Los desfiles organizados de carnaval son relativamente
recientes. En este sentido, fue en 1982 cuando comenzaron a desarrollarse de
manera oficial.
Desde aquella fecha, el popular desfile ha tenido dos jornadas de protagonismo,
el viernes de carnaval dedicado a los niños y el llamado "día grande", para
todos los públicos.
En aquella ocasión inicial, tanto en uno como en otro desfile, se contabilizaron
varios miles de comparsas que, luciendo los atuendos más variados, realizaron un
recorrido por las calles céntricas de la localidad, desde la de Manzaneado a la
plaza del Peralvillo.
Desde 1.985, en que la fiesta fue considerada en su conjunto como de interés
turístico nacional, esta puesta en escena se ha ido haciendo cada vez más densa
en cuanto a número de participantes y espectacularidad.
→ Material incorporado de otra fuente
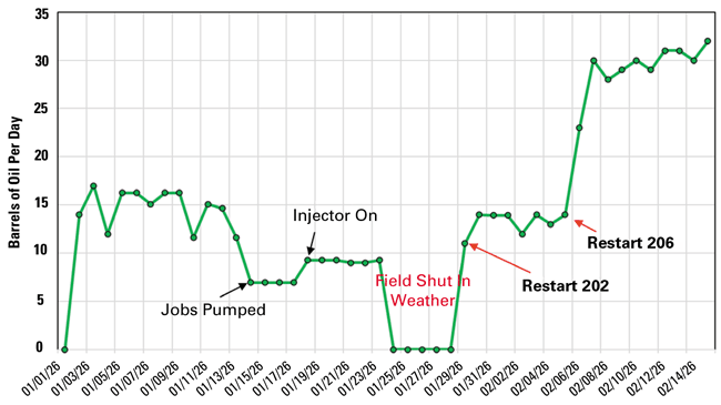 The production response occurred quickly following treatment. During the post-treatment period from January 29 through February 15, average oil production across the pilot area increased to approximately 30 bbl/d, a 100% increase relative to pre-treatment levels.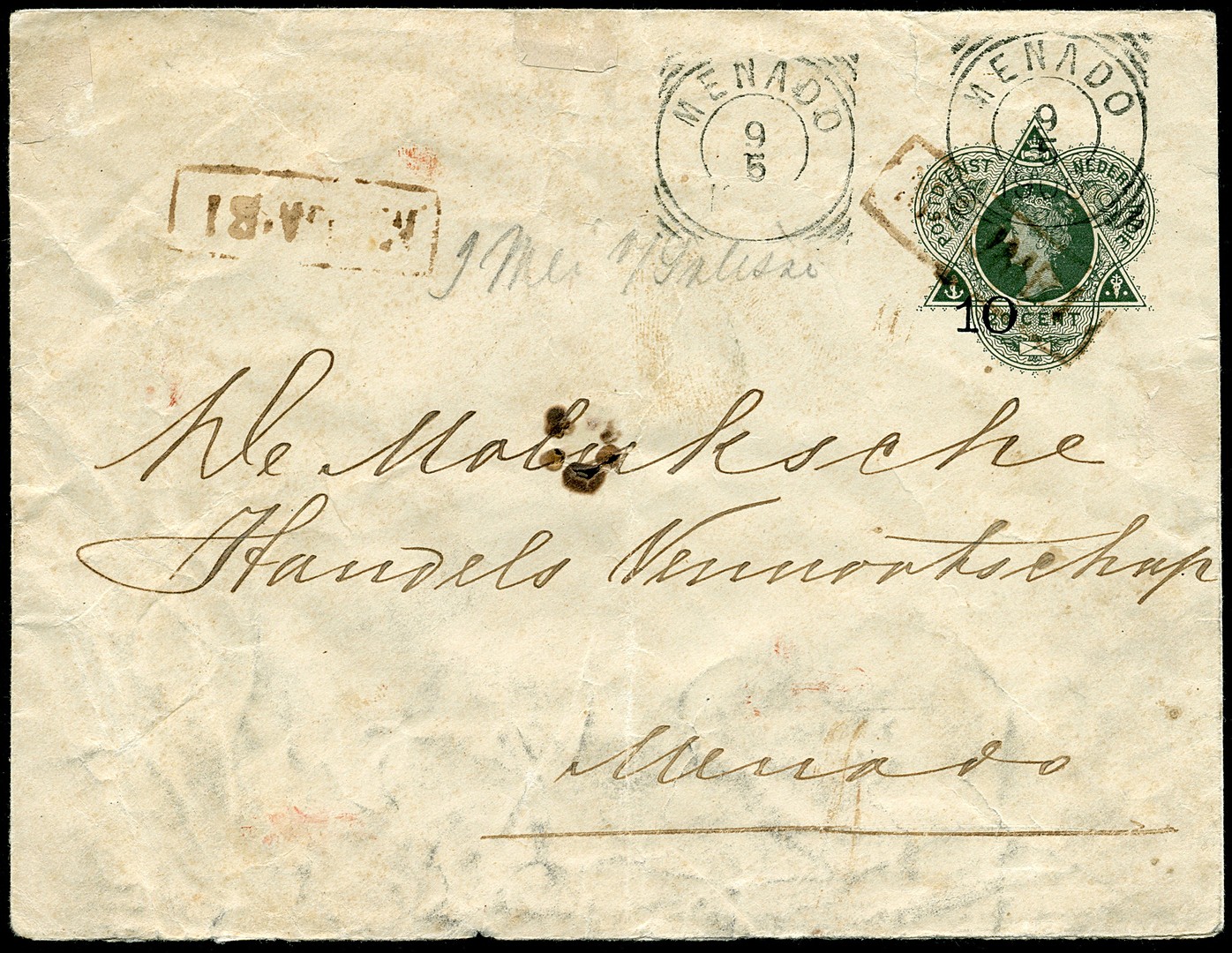 Env. G25 (gebreken) 2x afgest. met naamstempel MAOEMBI in fletsrood naar Menado 9-5-1906. Maoembi is een fungerend hulppostkantoor, iets ten oosten van Menado, waarvan deze afstempeling pas onlangs is ontdekt en nog niet is beschreven in de literatuur. Ondanks kwaliteit een unicum
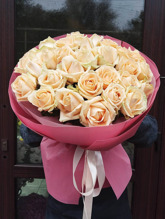 At this page can be ordered bouquets of peach roses of 60-70 cm stems.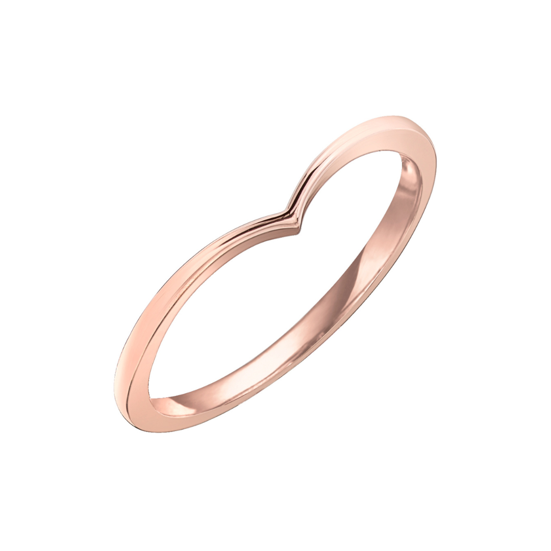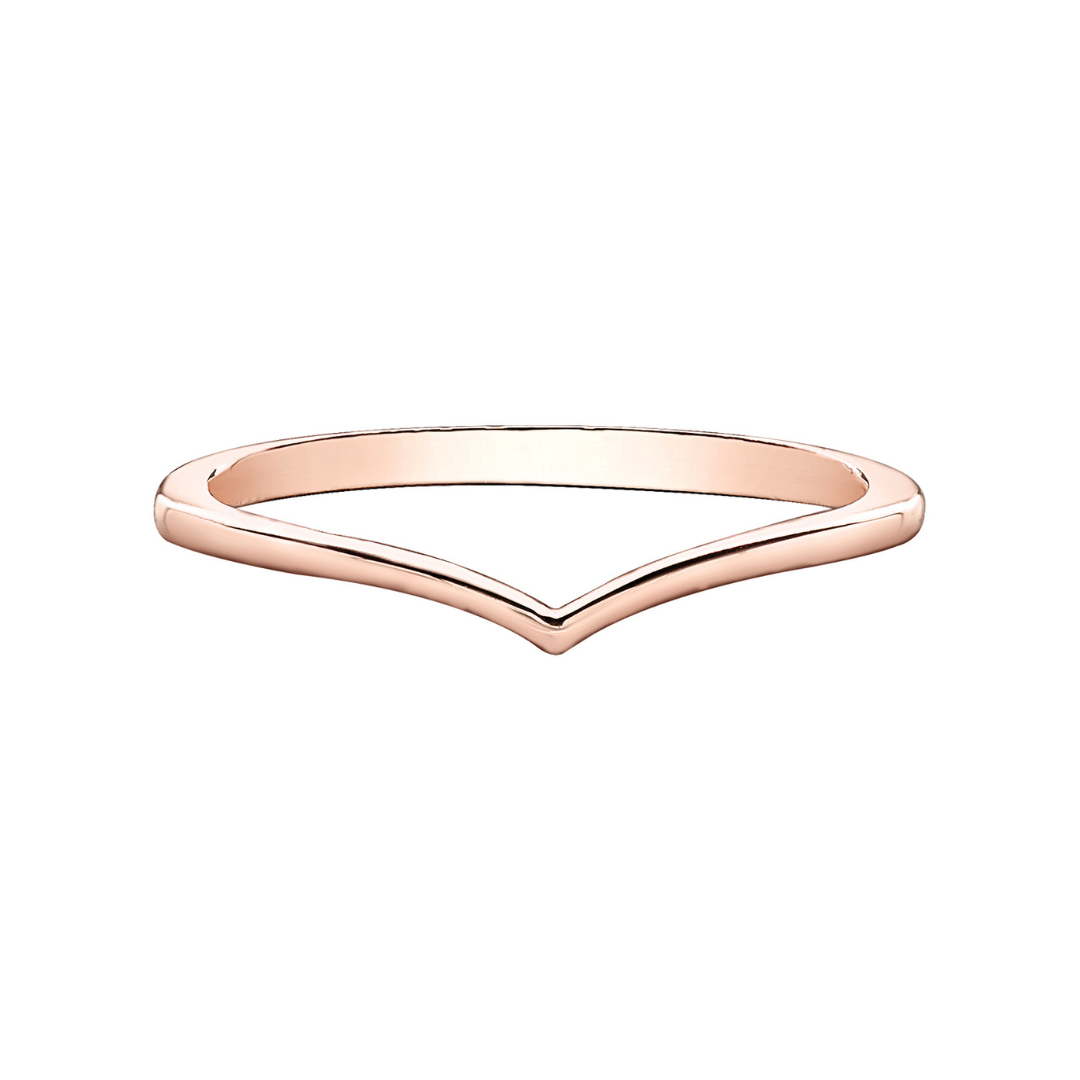 Rose gold chevron band with a high polish finish. Wear it alone, as a wedding band, or added to your stackable rings.

Año tras año los
visitantes vinieron en mayor número, primero para ver, en sucesivas ocasiones a
participar, las plazas hoteleras se cubrieron al cien por cien y se tuvieron que
habilitar nuevas áreas de aparcamiento.
En aquellas circunstancias, llegado el carnaval de 1.988 se hizo necesario
cambiar el céntrico circuito por donde tradicionalmente discurría el desfile y,
a partir de entonces, se ha realizado en la avenida de Carrero Blanco - Pasaje.
No obstante, el desfile de disfraces ha mantenido sus características a lo largo
de todo este tiempo. La exhibición de los modelos, al compás de ritmos
calientes, ha constituido el fundamento básico del mismo.
Sin embargo, en la celebración de 1.995 se plantearon las premisas para la
transformación de aquellas inamovibles condiciones, al acordar las diferentes
agrupaciones el inicio de un etapa en la que se otorgaría un premio al mejor
traje.
En aquella ocasión, sino el desfile, el concurso tuvo que ser suspendido porque
las inclemencias climatológicas, que en aquel año fueron especialmente adversas,
desluciendo la puesta en escena de las diferentes agrupaciones participantes.